RECORD EXCERPTS:
>>
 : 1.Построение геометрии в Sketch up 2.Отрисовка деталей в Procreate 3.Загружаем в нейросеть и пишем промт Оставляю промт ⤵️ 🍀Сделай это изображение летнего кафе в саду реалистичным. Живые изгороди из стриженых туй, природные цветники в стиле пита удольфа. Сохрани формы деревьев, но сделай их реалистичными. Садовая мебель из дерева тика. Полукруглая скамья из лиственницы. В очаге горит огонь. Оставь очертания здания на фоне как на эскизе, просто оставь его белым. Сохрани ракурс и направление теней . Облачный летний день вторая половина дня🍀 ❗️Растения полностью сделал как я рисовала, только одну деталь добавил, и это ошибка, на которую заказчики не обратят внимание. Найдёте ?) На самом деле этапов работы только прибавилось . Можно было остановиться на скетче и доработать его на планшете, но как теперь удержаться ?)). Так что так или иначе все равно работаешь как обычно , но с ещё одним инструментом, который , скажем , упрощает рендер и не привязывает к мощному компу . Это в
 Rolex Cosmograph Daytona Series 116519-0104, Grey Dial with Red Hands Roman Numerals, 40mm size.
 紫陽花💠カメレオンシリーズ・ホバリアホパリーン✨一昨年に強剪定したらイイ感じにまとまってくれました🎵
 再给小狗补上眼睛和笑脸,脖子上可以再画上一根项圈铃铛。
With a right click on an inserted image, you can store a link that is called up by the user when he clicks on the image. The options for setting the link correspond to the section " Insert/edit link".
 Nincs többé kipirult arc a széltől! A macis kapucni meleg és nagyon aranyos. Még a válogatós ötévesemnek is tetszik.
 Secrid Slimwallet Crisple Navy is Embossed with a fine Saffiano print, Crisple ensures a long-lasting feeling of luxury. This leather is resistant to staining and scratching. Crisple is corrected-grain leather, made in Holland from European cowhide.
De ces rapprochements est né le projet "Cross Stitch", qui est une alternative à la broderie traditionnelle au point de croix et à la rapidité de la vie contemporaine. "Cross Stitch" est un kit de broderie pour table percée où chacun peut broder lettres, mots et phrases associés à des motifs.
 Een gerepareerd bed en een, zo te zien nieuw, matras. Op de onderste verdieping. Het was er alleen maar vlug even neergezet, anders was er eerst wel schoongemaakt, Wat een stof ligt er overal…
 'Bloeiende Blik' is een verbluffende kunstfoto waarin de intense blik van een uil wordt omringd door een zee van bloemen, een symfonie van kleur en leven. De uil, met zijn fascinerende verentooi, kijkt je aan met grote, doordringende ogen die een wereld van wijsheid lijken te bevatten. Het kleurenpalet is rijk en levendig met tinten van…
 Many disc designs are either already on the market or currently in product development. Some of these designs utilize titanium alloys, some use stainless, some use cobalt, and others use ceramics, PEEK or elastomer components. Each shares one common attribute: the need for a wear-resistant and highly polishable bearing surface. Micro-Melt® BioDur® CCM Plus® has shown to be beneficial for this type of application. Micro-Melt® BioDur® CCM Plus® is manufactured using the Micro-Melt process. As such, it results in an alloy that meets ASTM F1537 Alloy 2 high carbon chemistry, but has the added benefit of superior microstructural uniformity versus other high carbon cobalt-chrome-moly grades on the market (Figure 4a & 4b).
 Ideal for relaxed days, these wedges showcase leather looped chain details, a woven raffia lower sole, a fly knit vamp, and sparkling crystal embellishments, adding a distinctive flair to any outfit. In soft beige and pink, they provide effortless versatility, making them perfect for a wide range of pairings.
<<
>>
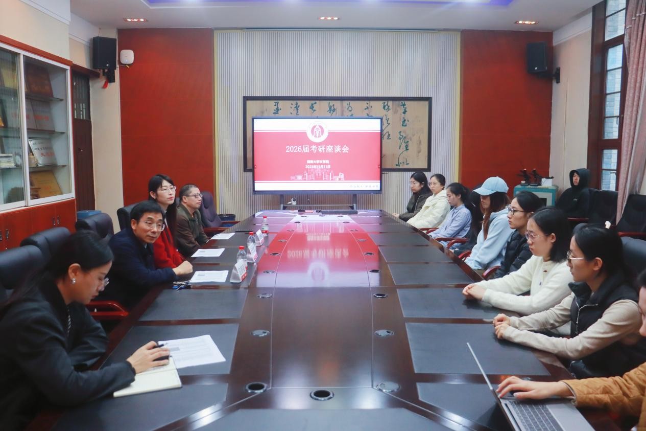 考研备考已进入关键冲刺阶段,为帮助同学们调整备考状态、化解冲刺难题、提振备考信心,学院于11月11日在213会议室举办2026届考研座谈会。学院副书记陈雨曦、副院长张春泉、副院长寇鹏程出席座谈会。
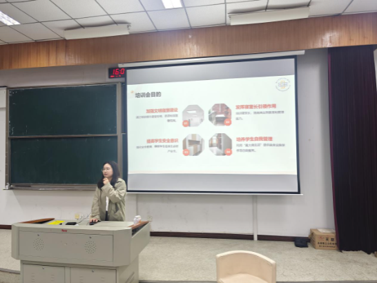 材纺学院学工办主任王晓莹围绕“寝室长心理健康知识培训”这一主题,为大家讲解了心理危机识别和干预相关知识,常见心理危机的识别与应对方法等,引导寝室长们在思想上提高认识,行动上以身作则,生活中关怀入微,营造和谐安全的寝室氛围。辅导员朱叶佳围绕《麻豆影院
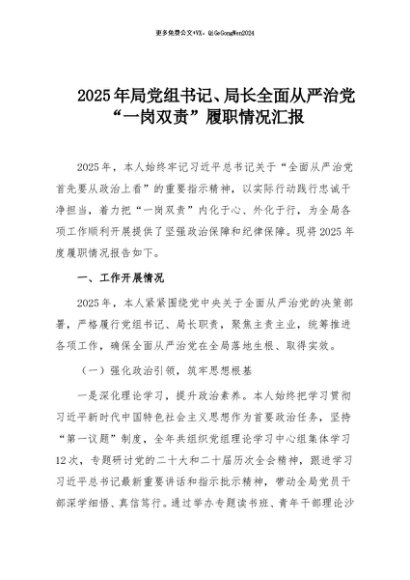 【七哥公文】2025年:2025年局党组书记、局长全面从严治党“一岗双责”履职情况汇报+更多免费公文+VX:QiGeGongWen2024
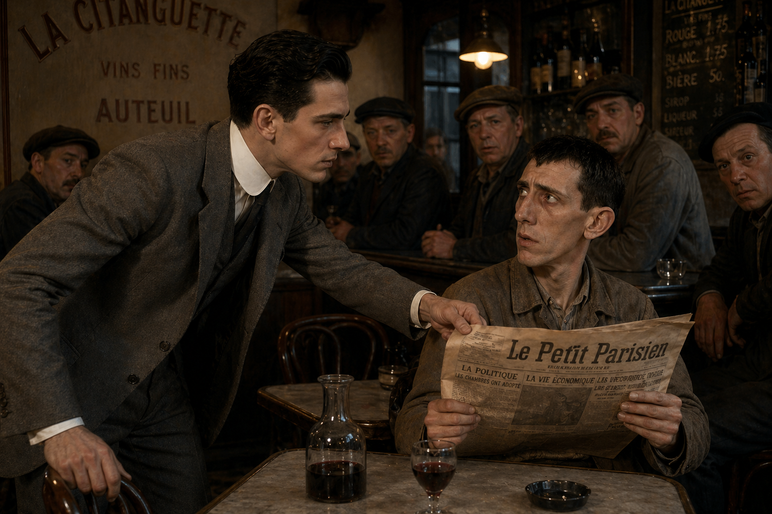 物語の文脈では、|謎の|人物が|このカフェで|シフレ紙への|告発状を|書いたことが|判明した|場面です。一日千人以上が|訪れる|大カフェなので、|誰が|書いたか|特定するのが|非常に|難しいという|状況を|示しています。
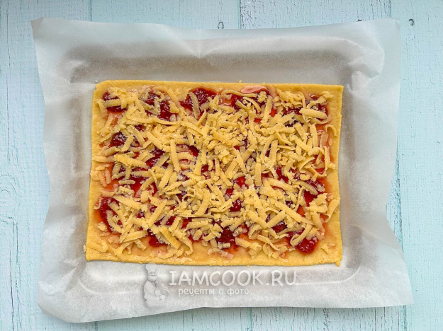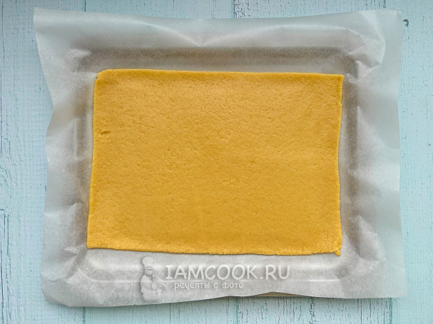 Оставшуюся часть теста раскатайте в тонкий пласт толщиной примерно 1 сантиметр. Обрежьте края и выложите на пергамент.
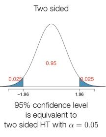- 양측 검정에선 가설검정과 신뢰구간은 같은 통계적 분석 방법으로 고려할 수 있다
<<
>>
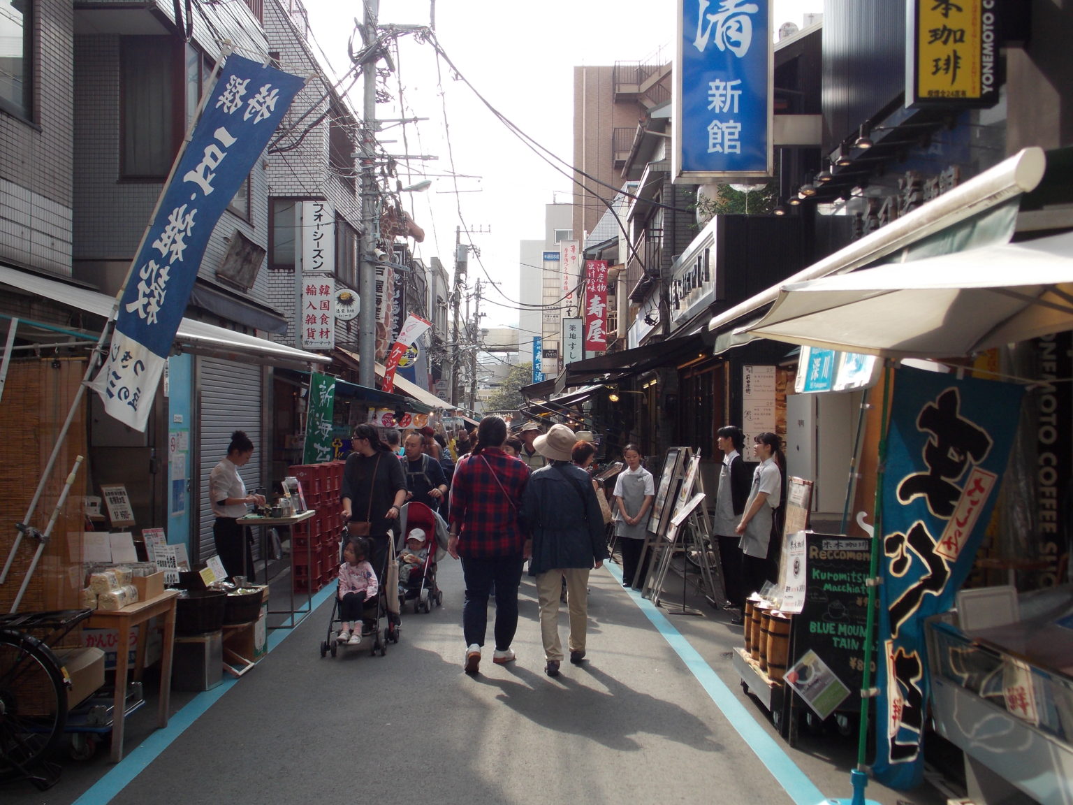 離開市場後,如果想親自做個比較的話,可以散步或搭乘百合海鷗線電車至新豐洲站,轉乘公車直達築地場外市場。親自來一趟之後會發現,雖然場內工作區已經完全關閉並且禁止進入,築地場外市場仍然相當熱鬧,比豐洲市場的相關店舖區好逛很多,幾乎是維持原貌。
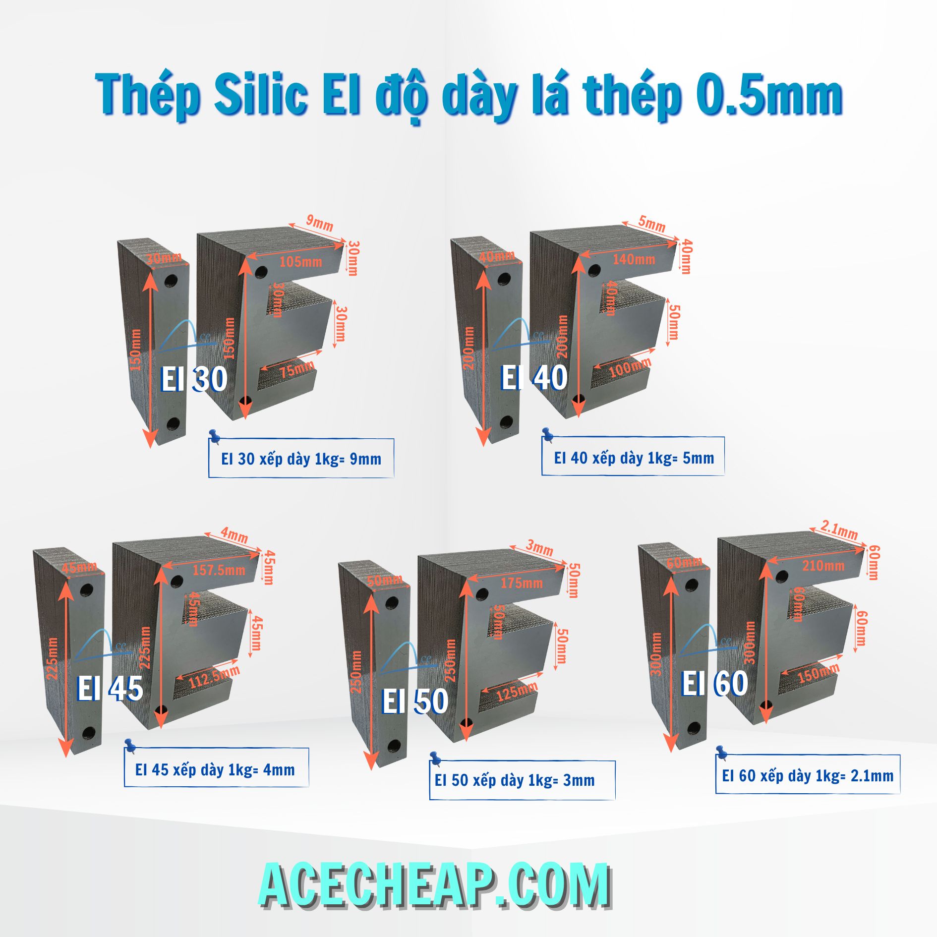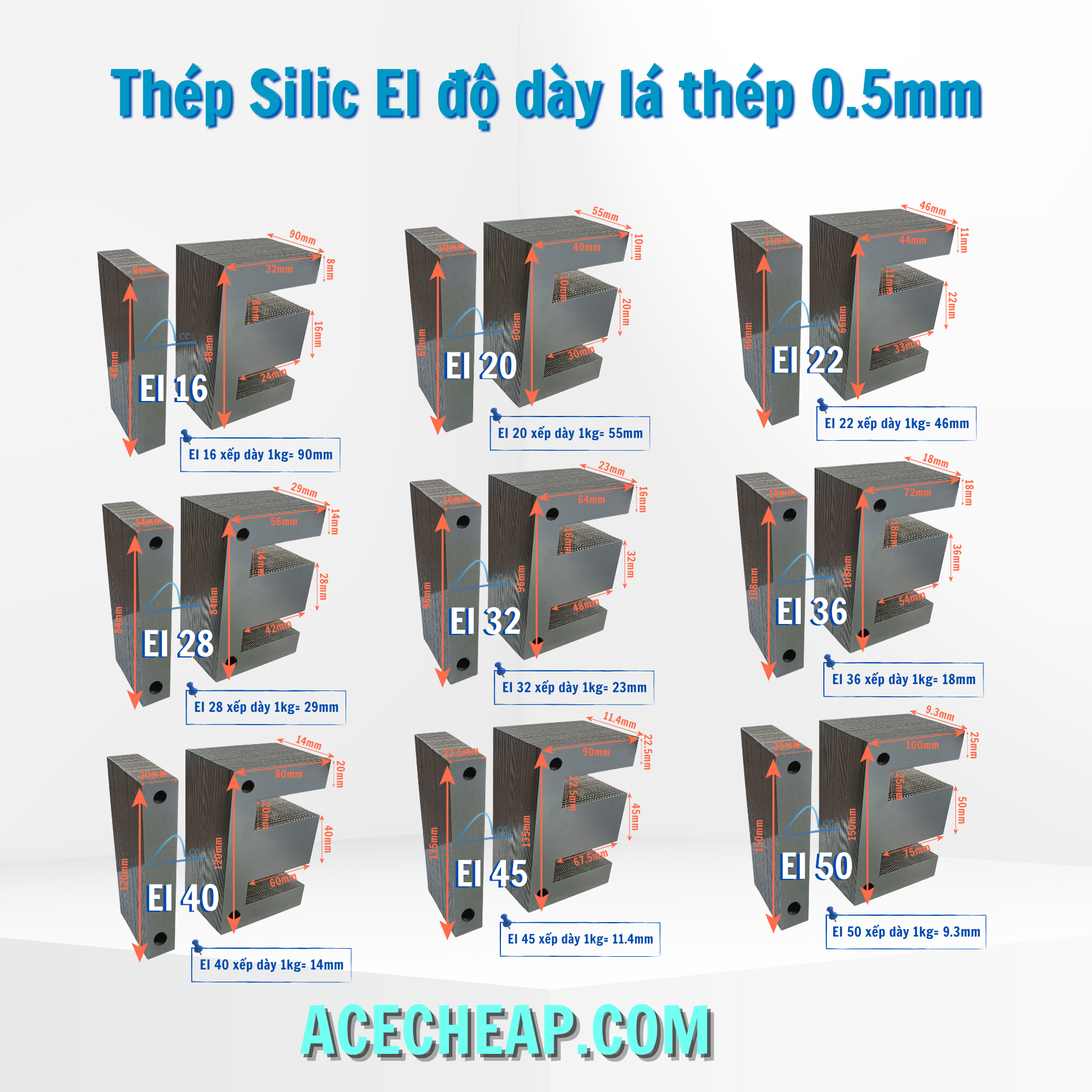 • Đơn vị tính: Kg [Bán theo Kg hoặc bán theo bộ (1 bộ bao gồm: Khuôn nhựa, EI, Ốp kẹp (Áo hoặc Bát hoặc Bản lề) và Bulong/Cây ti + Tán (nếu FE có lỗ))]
<<
TASK OBJECTIVE: Your reply is to be an exact repeat of the listing above from the line holding "物語の文脈では、|謎の|人物" down to the line holding "Оставшуюся часть теста", ends included, pictures excluded.

TASK ANSWER:
 物語の文脈では、|謎の|人物が|このカフェで|シフレ紙への|告発状を|書いたことが|判明した|場面です。一日千人以上が|訪れる|大カフェなので、|誰が|書いたか|特定するのが|非常に|難しいという|状況を|示しています。
 Оставшуюся часть теста раскатайте в тонкий пласт толщиной примерно 1 сантиметр. Обрежьте края и выложите на пергамент.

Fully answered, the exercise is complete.